##### STORED DATA

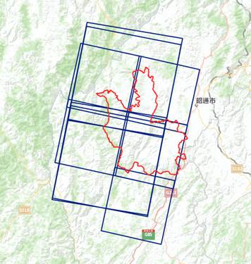 成功接收的资源三号和高分一号卫星灾区数据位置示意图
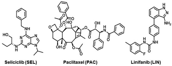 PAC has been approved as a first-line treatment for numerous types of cancer, such as breast, ovarian, gastric, and non-small cell lung cancer, as well as Kaposi sarcoma [13]. It inhibits cell replication during the mitotic phase of cell division by binding to tubulin, promoting the polymerization of the tubulin dimers, and subsequently stabilizing microtubules. Furthermore, PAC induces apoptosis in cancer cells by binding to the Bcl-2 protein, distorting mitotic spindles and leading to chromosome fragmentation [14,15]. On the other hand, the SEL drug displays a high efficiency and selectively inhibits CDK 2, 7, and 9 at their ATP binding sites [16,17]. SEL’s antiproliferative and apoptotic effects are controlled by several molecular mechanisms, including the inhibition of RNA polymerase II-dependent transcription, the downregulation of proliferative and survival proteins, the upregulation of p53, the decrease in Rb phosphorylation, and the modulation of E2F transcriptional activity [5,18,19].
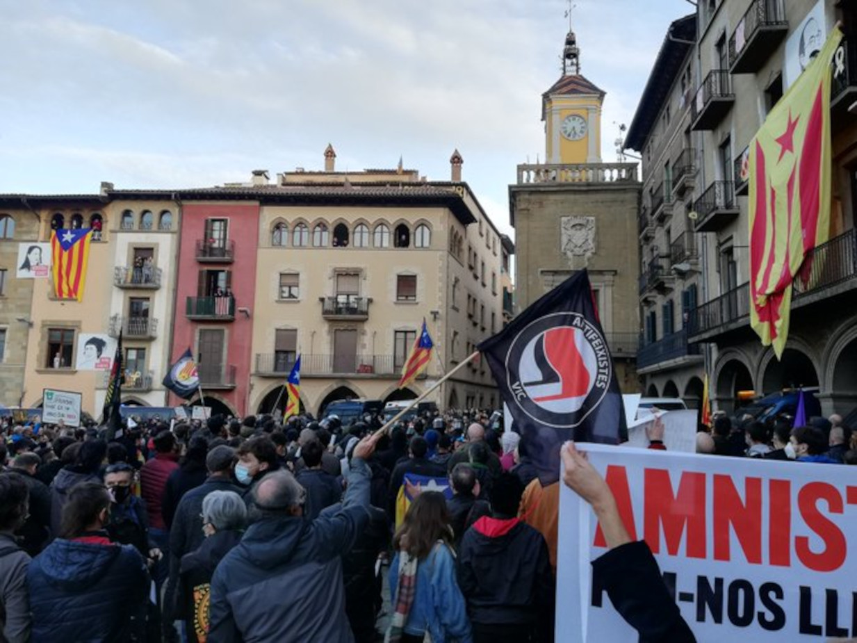 Desde primera hora de la tarde de este sábado, la céntrica Plaça Major de Vic se ha llenado de esteladas y banderas antifascistas para boicotear el acto de campaña de Vox. Los manifestantes han podido impedir el acto, pero se han producido algunos incidentes con los Mossos de Esquadra que, una vez más, han protegido a los ultraderechistas contra el rechazo popular.
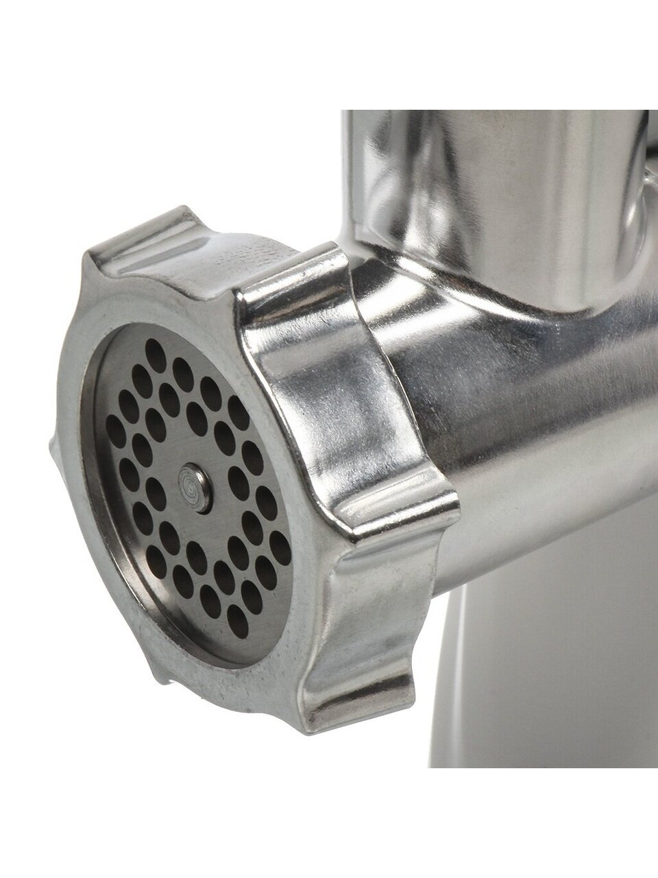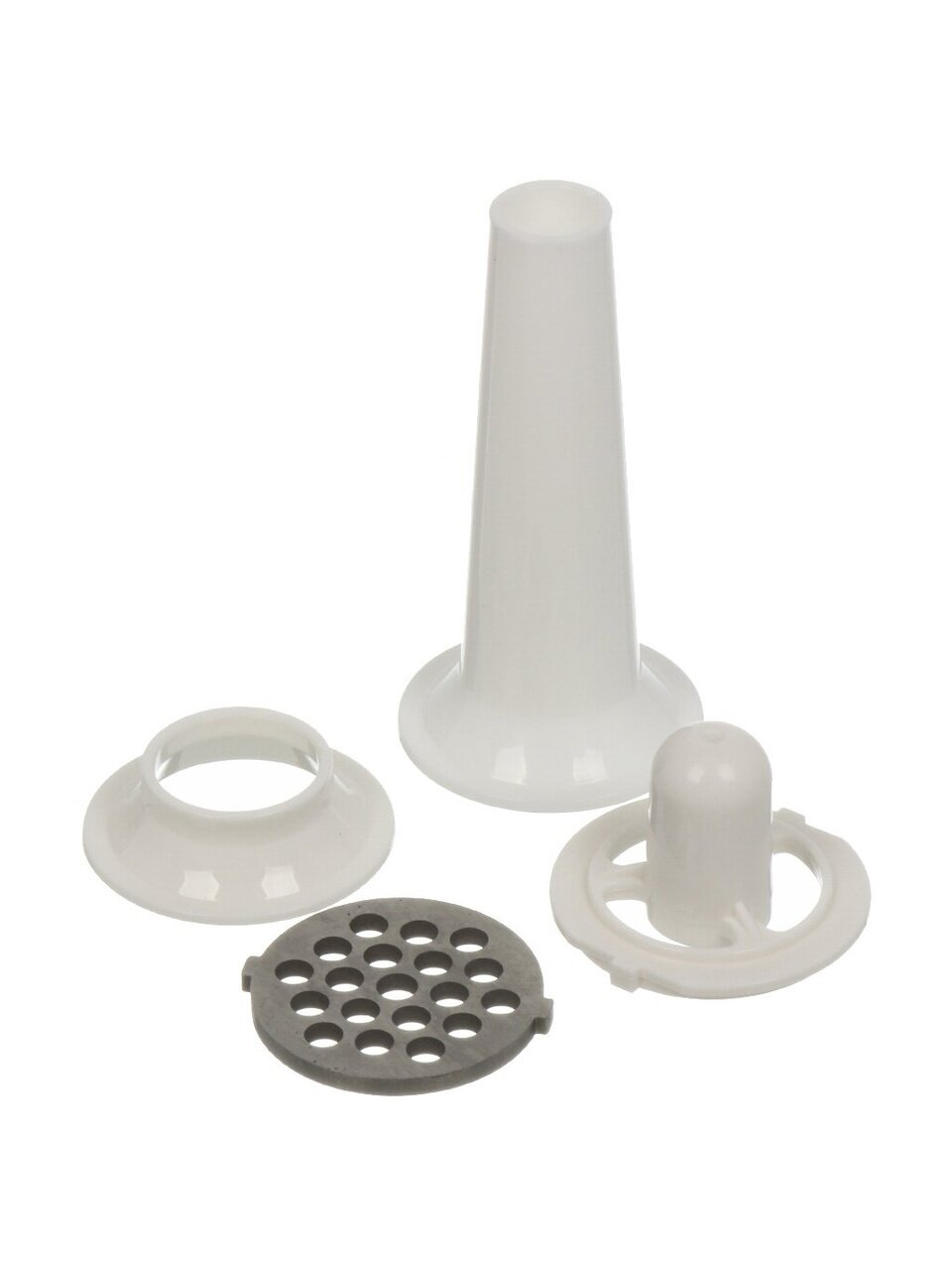В комплекте с мясорубкой идут две решетки 5 и 7 мм, включая насадки для колбасок и кеббе, что дает возможность разнообразить меню и готовить блюда различных кухонь мира. Материал корпуса и лотка выполнен из прочного пластика, что обеспечивает легкость конструкции и простоту в уходе.
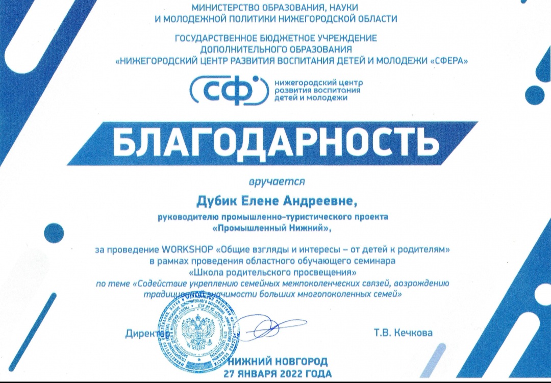 • музеи и производство промышленных предприятий г. Нижнего Новгорода и Нижегородской области. Например, «НИТЕЛ» (Нижегородский телевизионный завод им. В.И. Ленина); Горьковский автобусный завод; производство картонной упаковки «ПРОМИС»; авиастроительный завод «Сокол»; завод «Красное Сормово» (подводные лодки, судна на подводных крыльях, буксиры, танкеры, паровозы, танки, суда); Нижегородский химико-фармацевтический завод; Завод им. Г.И. Петровского: изготовление бортовых и наземных специальных магнитофонов регистрации речевой информации и параметров работы оборудования; Красный Якорь; «Теплообменник»: системы регулирования давления, кондиционирования, охлаждения, холодильники, компрессоры и др.
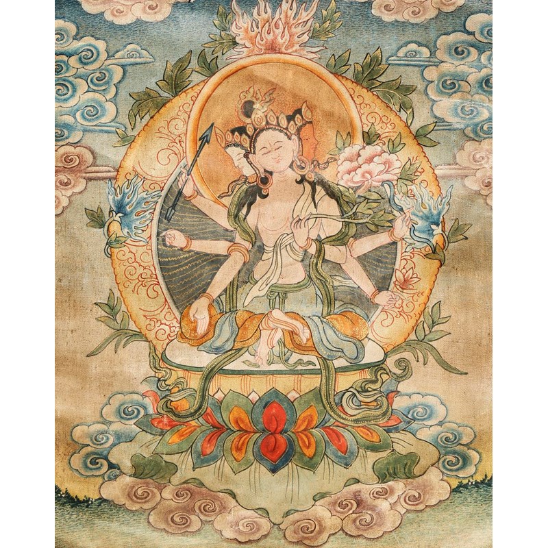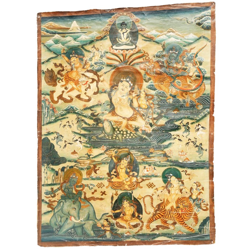 One painted with Usnisavijaya raised on a lotus throne, the other with a central deity surrounded by numerous other figures and animals, both mounted with silk borders and framed and glazed, 48cm x 36cm. (2)
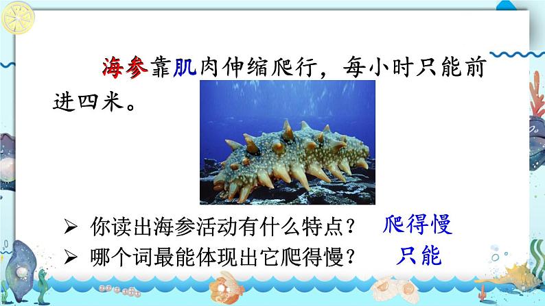 你读出海参活动有什么特点?哪个词最能体现出它爬得慢?
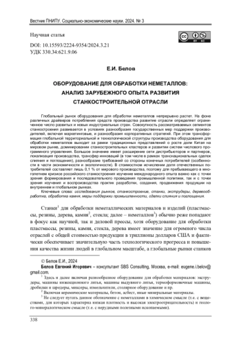 Глобальный рынок оборудования для обработки неметаллов непрерывно растет. На фоне различных драйверов потребления средств производства развитие отрасли определяет ограниченное число развитых и новых индустриальных стран. Совокупность рассматриваемых сегментов станкостроения развивается в условиях разнообразия государственных мер поддержки производителей, включая маркетинговые, и разнообразия корпоративных стратегий. При этом трансформация глобальной территориальной и технологической структуры производства оборудования для обработки неметаллов выходит за рамки традиционных представлений о росте доли Китая на мировом рынке, доминировании станкостроительных кластеров и развитии систем числового программного управления. Большое значение имеет расширение сети дистрибьюторов и партнеров, локализация производства, трансфер инноваций (в том числе в рамках транснациональных сделок слияния и поглощения), разнообразие требований со стороны конечных потребителей (особенности в части экономичности и экологичности). В стоимостном исчислении доля отечественных потребителей составляет лишь 0,1 % от мирового производства, поэтому для пребывающего в многолетнем кризисе российского станкостроения изучение международного опыта важно как с точки зрения формирования и последовательного проведения промышленной политики, так и с точки зрения изучения и воспроизводства практик разработки, создания, продвижения продукции на внутреннем и глобальном рынках.
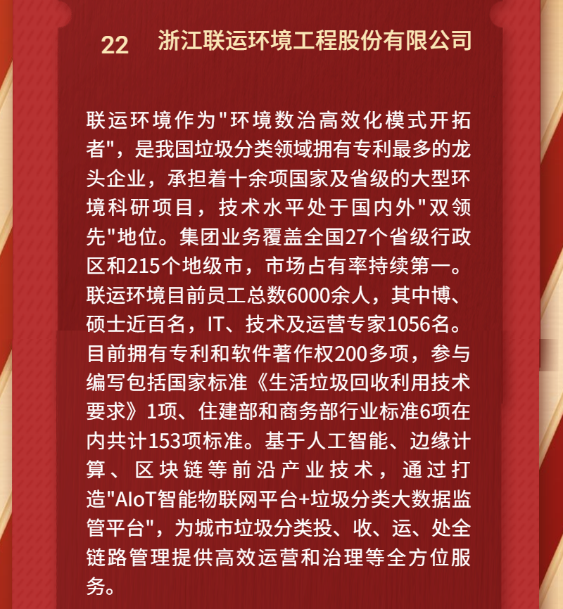 日前,浙江省智慧城市促進會開展的“2021年度浙江省智慧城市建設先進單位、創(chuàng)新人物及浙江省智慧城市促進會突出貢獻獎”評選活動結果正式揭曉,聯(lián)運環(huán)境憑借在垃圾分類智能化監(jiān)管平臺領域的技術產(chǎn)品及解決方案的出色表現(xiàn),入選“2021年度浙江省‘智慧城市’先進單位”名單。 近年來,杭州市臨平區(qū)城市生活垃圾產(chǎn)生...
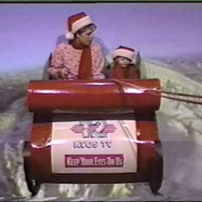 X-mas. Santa in sleigh keyed over city flying, toddler walks away.
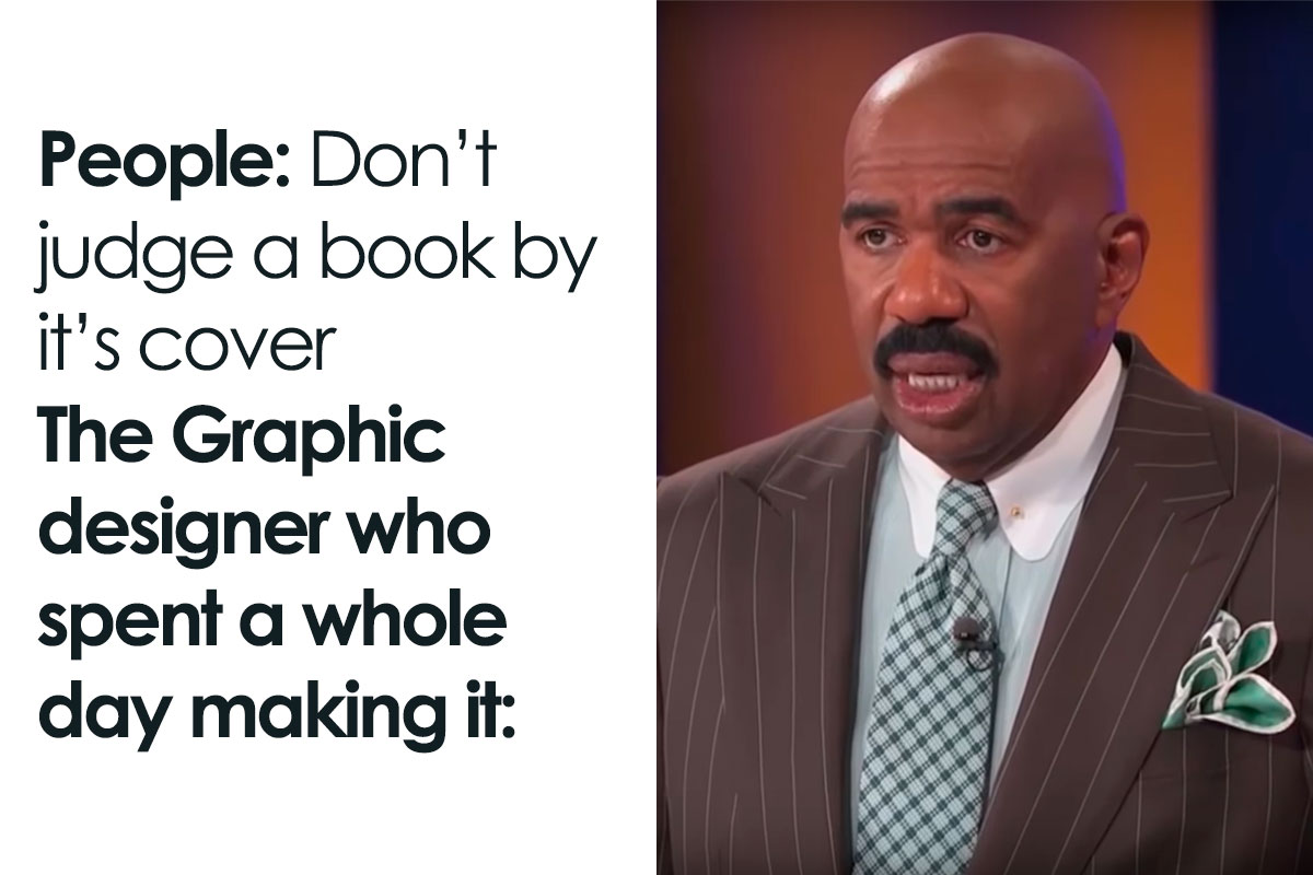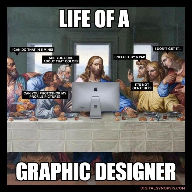 This meme satirizes the struggles of real graphic designers by juxtaposing an overly simplistic design with phrases like, “I worked all night on this.”
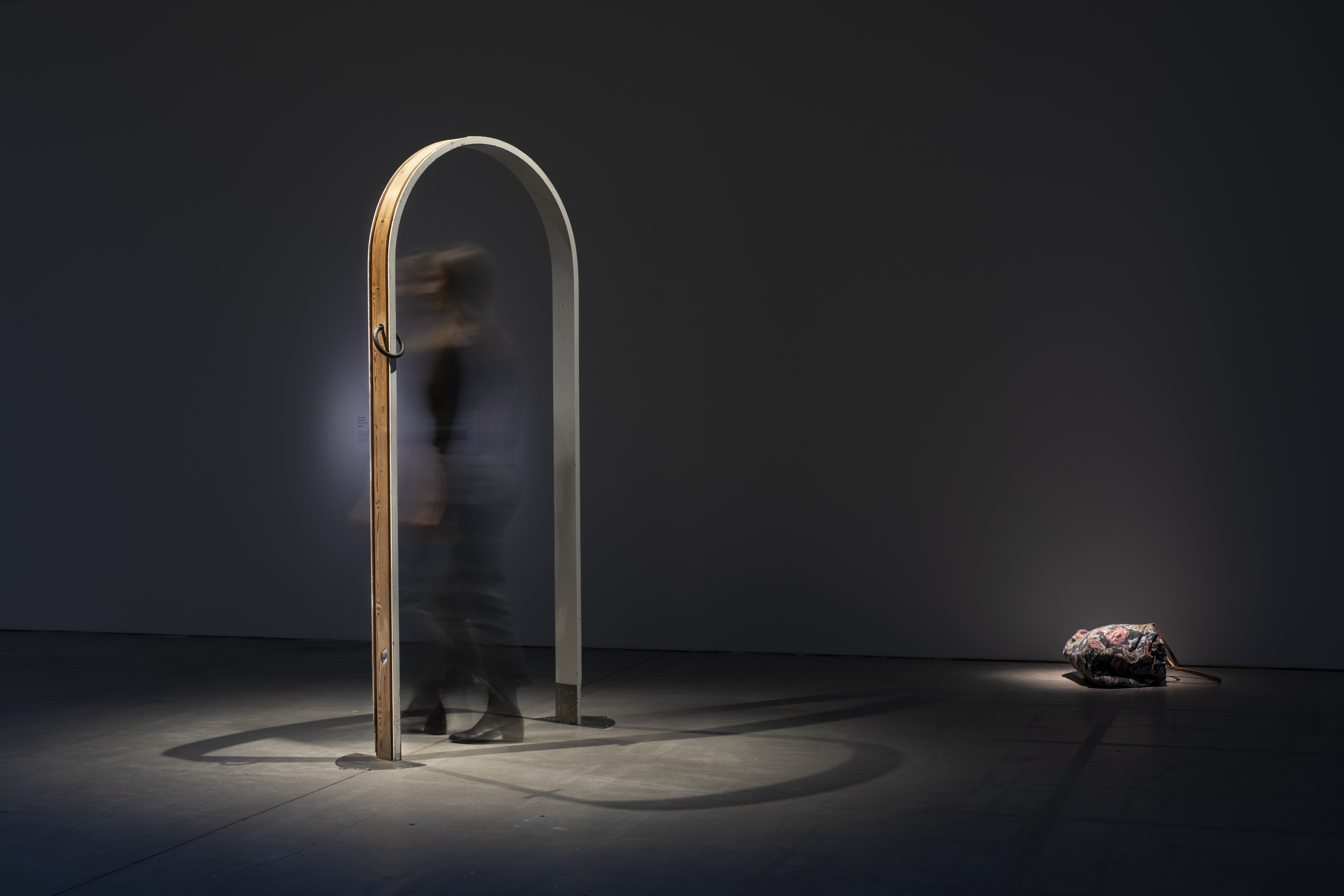 The video installation will be presented in HAM’s great arched hall alongside performance-like sculptures comprising ready-made objects and motorized movement. The figures in the sculptures consist of strangely mixed elements and their fluid identity is of indeterminate gender. They embrace multiplicity instead of binaries and absolutes. Recurring elements such as bags and gateways evoke the idea of a voyage or an expedition to new frontiers.

##########

### THE TASK:
All the lines above should be reproduced exactly, and none of the pictures.

### OUTPUT:
 成功接收的资源三号和高分一号卫星灾区数据位置示意图
 PAC has been approved as a first-line treatment for numerous types of cancer, such as breast, ovarian, gastric, and non-small cell lung cancer, as well as Kaposi sarcoma [13]. It inhibits cell replication during the mitotic phase of cell division by binding to tubulin, promoting the polymerization of the tubulin dimers, and subsequently stabilizing microtubules. Furthermore, PAC induces apoptosis in cancer cells by binding to the Bcl-2 protein, distorting mitotic spindles and leading to chromosome fragmentation [14,15]. On the other hand, the SEL drug displays a high efficiency and selectively inhibits CDK 2, 7, and 9 at their ATP binding sites [16,17]. SEL’s antiproliferative and apoptotic effects are controlled by several molecular mechanisms, including the inhibition of RNA polymerase II-dependent transcription, the downregulation of proliferative and survival proteins, the upregulation of p53, the decrease in Rb phosphorylation, and the modulation of E2F transcriptional activity [5,18,19].
 Desde primera hora de la tarde de este sábado, la céntrica Plaça Major de Vic se ha llenado de esteladas y banderas antifascistas para boicotear el acto de campaña de Vox. Los manifestantes han podido impedir el acto, pero se han producido algunos incidentes con los Mossos de Esquadra que, una vez más, han protegido a los ultraderechistas contra el rechazo popular.
В комплекте с мясорубкой идут две решетки 5 и 7 мм, включая насадки для колбасок и кеббе, что дает возможность разнообразить меню и готовить блюда различных кухонь мира. Материал корпуса и лотка выполнен из прочного пластика, что обеспечивает легкость конструкции и простоту в уходе.
 • музеи и производство промышленных предприятий г. Нижнего Новгорода и Нижегородской области. Например, «НИТЕЛ» (Нижегородский телевизионный завод им. В.И. Ленина); Горьковский автобусный завод; производство картонной упаковки «ПРОМИС»; авиастроительный завод «Сокол»; завод «Красное Сормово» (подводные лодки, судна на подводных крыльях, буксиры, танкеры, паровозы, танки, суда); Нижегородский химико-фармацевтический завод; Завод им. Г.И. Петровского: изготовление бортовых и наземных специальных магнитофонов регистрации речевой информации и параметров работы оборудования; Красный Якорь; «Теплообменник»: системы регулирования давления, кондиционирования, охлаждения, холодильники, компрессоры и др.
 One painted with Usnisavijaya raised on a lotus throne, the other with a central deity surrounded by numerous other figures and animals, both mounted with silk borders and framed and glazed, 48cm x 36cm. (2)
 你读出海参活动有什么特点?哪个词最能体现出它爬得慢?
 Глобальный рынок оборудования для обработки неметаллов непрерывно растет. На фоне различных драйверов потребления средств производства развитие отрасли определяет ограниченное число развитых и новых индустриальных стран. Совокупность рассматриваемых сегментов станкостроения развивается в условиях разнообразия государственных мер поддержки производителей, включая маркетинговые, и разнообразия корпоративных стратегий. При этом трансформация глобальной территориальной и технологической структуры производства оборудования для обработки неметаллов выходит за рамки традиционных представлений о росте доли Китая на мировом рынке, доминировании станкостроительных кластеров и развитии систем числового программного управления. Большое значение имеет расширение сети дистрибьюторов и партнеров, локализация производства, трансфер инноваций (в том числе в рамках транснациональных сделок слияния и поглощения), разнообразие требований со стороны конечных потребителей (особенности в части экономичности и экологичности). В стоимостном исчислении доля отечественных потребителей составляет лишь 0,1 % от мирового производства, поэтому для пребывающего в многолетнем кризисе российского станкостроения изучение международного опыта важно как с точки зрения формирования и последовательного проведения промышленной политики, так и с точки зрения изучения и воспроизводства практик разработки, создания, продвижения продукции на внутреннем и глобальном рынках.
 日前,浙江省智慧城市促進會開展的“2021年度浙江省智慧城市建設先進單位、創(chuàng)新人物及浙江省智慧城市促進會突出貢獻獎”評選活動結果正式揭曉,聯(lián)運環(huán)境憑借在垃圾分類智能化監(jiān)管平臺領域的技術產(chǎn)品及解決方案的出色表現(xiàn),入選“2021年度浙江省‘智慧城市’先進單位”名單。 近年來,杭州市臨平區(qū)城市生活垃圾產(chǎn)生...
 X-mas. Santa in sleigh keyed over city flying, toddler walks away.
 This meme satirizes the struggles of real graphic designers by juxtaposing an overly simplistic design with phrases like, “I worked all night on this.”
 The video installation will be presented in HAM’s great arched hall alongside performance-like sculptures comprising ready-made objects and motorized movement. The figures in the sculptures consist of strangely mixed elements and their fluid identity is of indeterminate gender. They embrace multiplicity instead of binaries and absolutes. Recurring elements such as bags and gateways evoke the idea of a voyage or an expedition to new frontiers.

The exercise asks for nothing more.